# New Here and need some help quickly (long post, sorry)



## LabLover (Sep 11, 2008)

deleted


----------



## rtsaintly (Oct 19, 2007)

Hi,

I can empathise, we have just had first unsuccessful ED attempt. For me though I dont feel upset at having to use ED, as I feel lucky to be able to carry a child at all....this for us is just a technicality to get us there - and like unassisted natural pregnancy, things can go wrong. We felt that from the beginning, and it meant that when it was unsuccessful we were able to be pragmatic about it, despite being devastated. As I'm mixed race we have been advised it could be 8 years before someone suitable comes along. I suppose thats the most difficult thing for us to come to terms with. Its important though, because the heritage of the donor person with also be the heritage of our child. 

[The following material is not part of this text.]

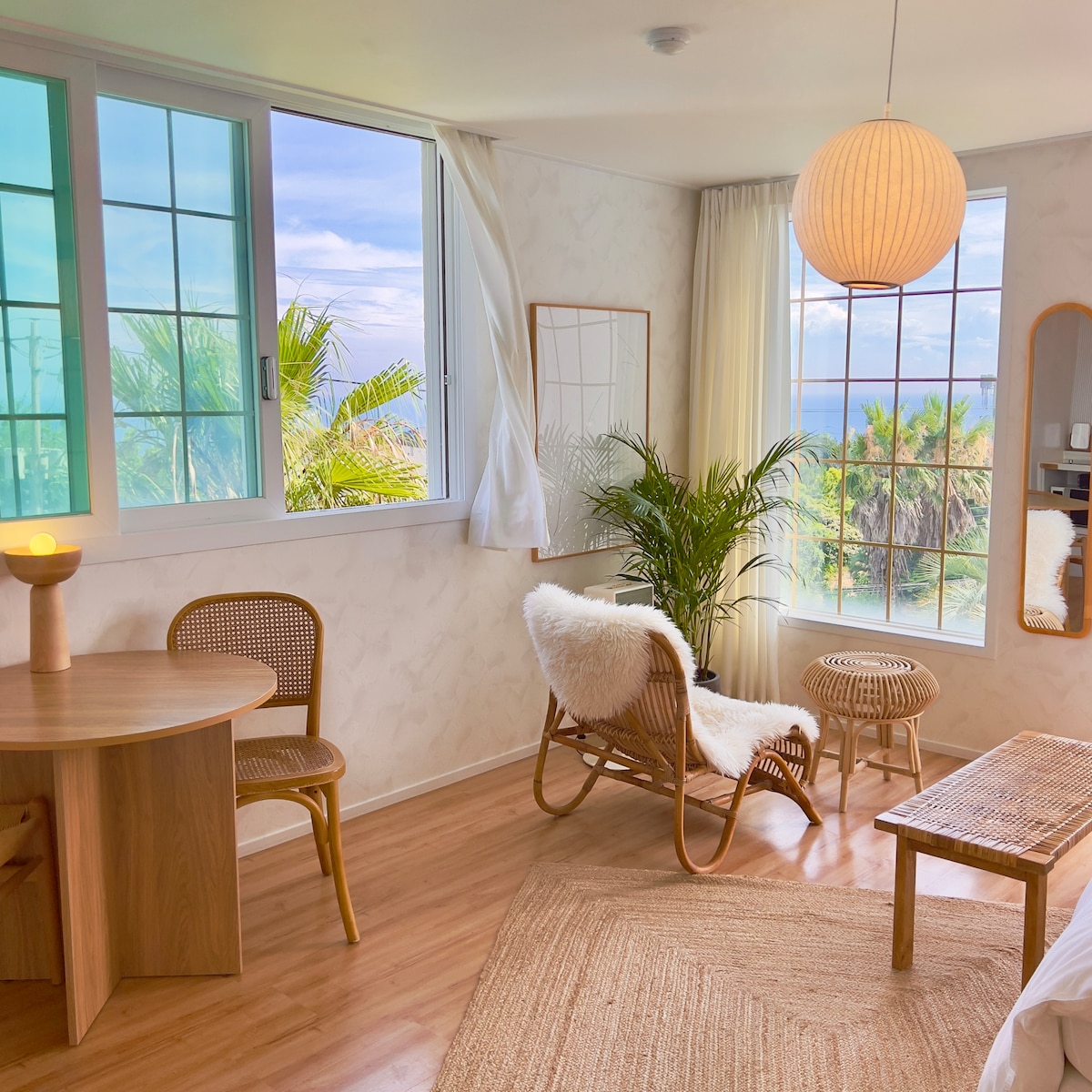 시옷홈은 쉼, 로컬 경험, 그리고 잔잔한 교류를 원하는 조용한 여행자들을 따뜻하게 맞이합니다. 단 2개만 운영중인 모든 객실은 호텔보다 깔끔하고 아늑하며, 아침마다 제주 바다와 귤밭의 아름다움을 눈에 담으실수있는 탁 트인 오션뷰를 제공합니다. 일본에서 수입한 고급 히노끼 나무로 천정과 벽면을 감싼 이 방의 침실에선 아무리 예민한 게스트분들도 아기처럼 깊은 잠을 주무실수 있답니다. 그래서 게스트분들이 이 방에 '꿀잠방'이라는 애칭을 붙여주셨어요. 이 방은 독립적인 출입문과 작은 주방, 욕실이 딸려있는 스위트룸입니다. 주방앞 별도의 문을 통해 멋진 바다뷰의 공용 다이닝룸(메인 사진속 화이트 공간)으로 바로 가실수 있고, 이곳에서 호스트가 매일 아침 내린 커피와 신선한 바게뜨, 샐러드로 아침식사를 준비해드립니다. 또한 원하시면 언제든지 이 멋진뷰의 다이닝룸에서 하루종일 재즈음악을 들으며 책을 보시거나, 간단한 음식과 와인을 즐기실 수 있습니다.

I felt as disappointed for our donor (who like us has fertility problems, and would have been donating to help with the cost of her own treatment). She probably didnt feel that lucky when she woke to find that it hadnt gone to plan, and they had only been able to retrieve 5 eggs. We felt as much for her as we did for ourselves, and hope that everything goes to plan for her - she was doing an amazing thing for us. I believe in charity (if thats the right word), that people should do things for each other whenever they can- and I will accept help when I need it, and give it to others when I can.

There are so many emotions (and hormones!) swirling around at a time like this, I sometimes have to sit back and force myself to look at it objectively. I know other people might not agree, but for us, having a child is not a right, and so we dont feel something has been taken away unfairly. We are very lucky that we can choose to consider DE, that we can afford to (by remortgaging!), and that there are Donors out there willing to give eggs. 

I hope that you and DH sort it out, and that you get the baby you so want 

Rachel xx


----------



## LabLover (Sep 11, 2008)

Rachel

I think that is a good point about accepting help.  This is something I have never been good at and is probably a big factor.  Thank you for pointing it out to me.

Wherever your journey leads you, I hope it is good when you get there.

x


----------



## rtsaintly (Oct 19, 2007)

Hey,

Dont worry, its good to vent! I'm sure you are the sort of person that would do anything to help anyone else, and you dont give it a second thought. 

Keep me posted on your journey.  

xxx


----------



## drownedgirl (Nov 12, 2006)

Hi there.

I hope you don't mind me saying that I'm not sure you're ready to try with donor eggs. I think mayeb you'd benefit from more counselling and the chance to really think it through. Maybe it's not for you. I fear that if you got pregnant now through DE you would find it hard to bond with and accept the pregnancy.

And there is not just you in this, any resultant child deserves honesty about their origins, and for that to accepted, particularly by their own mother. 

I hope you don't mind me being blunt. It looks like you're underway, and maybe should have  had more counselling first. I presume you had some counselling before getting the go ahead, but maybe didn't share your true feelings? Can you try to arrange more counselling now?

I hope you can find peace with the path you're taking.

PS With regard to your donor, there is another way to look at it... I suspect she fears you may get pg from her eggs and she may not... and she isn't in such  different place to you, you know. i think maybe because you need donor eggs, you put undue emphasis on the fact she has "good eggs" and almost feel inferior.. but you know, what you both have in common is that you are infertile, even if for her it's because of male factor or tubal issues...  

xxx


----------



## drownedgirl (Nov 12, 2006)

Just wanted to add a bit more.. please don't think I'm having ago at you, just being honest...

Btw, i can see that your DP is just grateful that you have this chance, as a couple, and that when he suggests getting a card, you maybe feel a little "pushed out" somehow.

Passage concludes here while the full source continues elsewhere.